Mucormycosis, also known as zygomycosis, is a rare fungal infection caused by the fungus Mucoromycotina (order Murcorales). Mucoromycotina were previously classified as Zygomycota. These organisms are usually found in soil and decaying organic matter, including leaves, compost or rotting wood.
Presentation
Mucormycosis is most often an acute surgical emergency, however, some cases display chronic symptoms that gradually develop over time (weeks or months). Symptoms depend heavily on which form of the disease patients have.
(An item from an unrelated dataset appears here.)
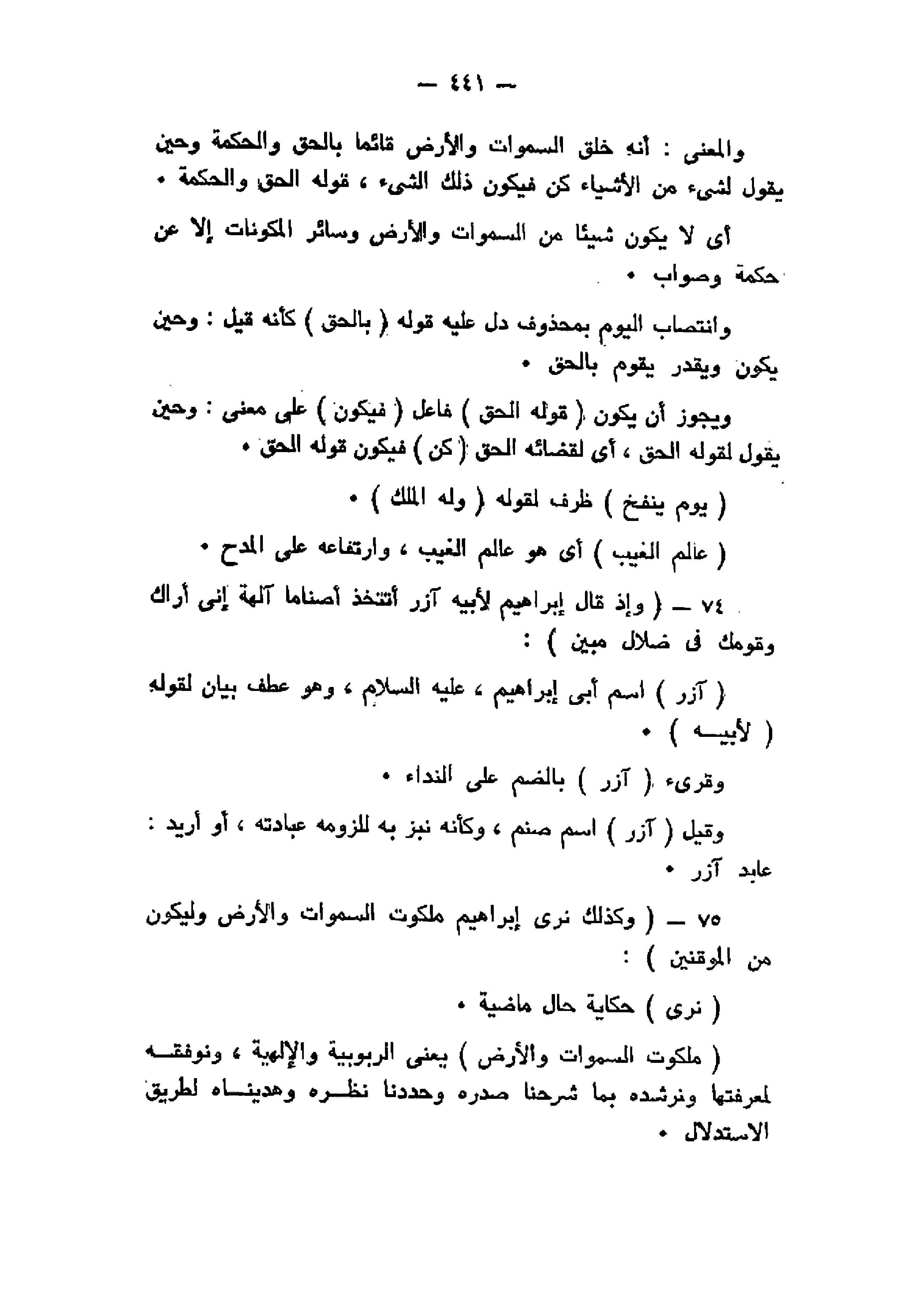 والمعنى: أنه خلق السموات والأرض قائما بالحق والحكمة وحين يقول لشىء من الأشياء كن فيكون ذلك الشيء، قوله الحق والحكمة.

Symptoms of rhino-orbito-cerebral mucormycosis include acute sinusitis, fever, eye swelling and protrusion, dark nasal scabbing, cellulitis, facial pain, retinal artery thrombosis, redness of skin around sinuses and nasal congestion with black discharge. Diplopia and blindness may be observed in later stages of the disease, which indicates the infection has spread to the orbital nerves and vessels, and prognosis for these patients is poor.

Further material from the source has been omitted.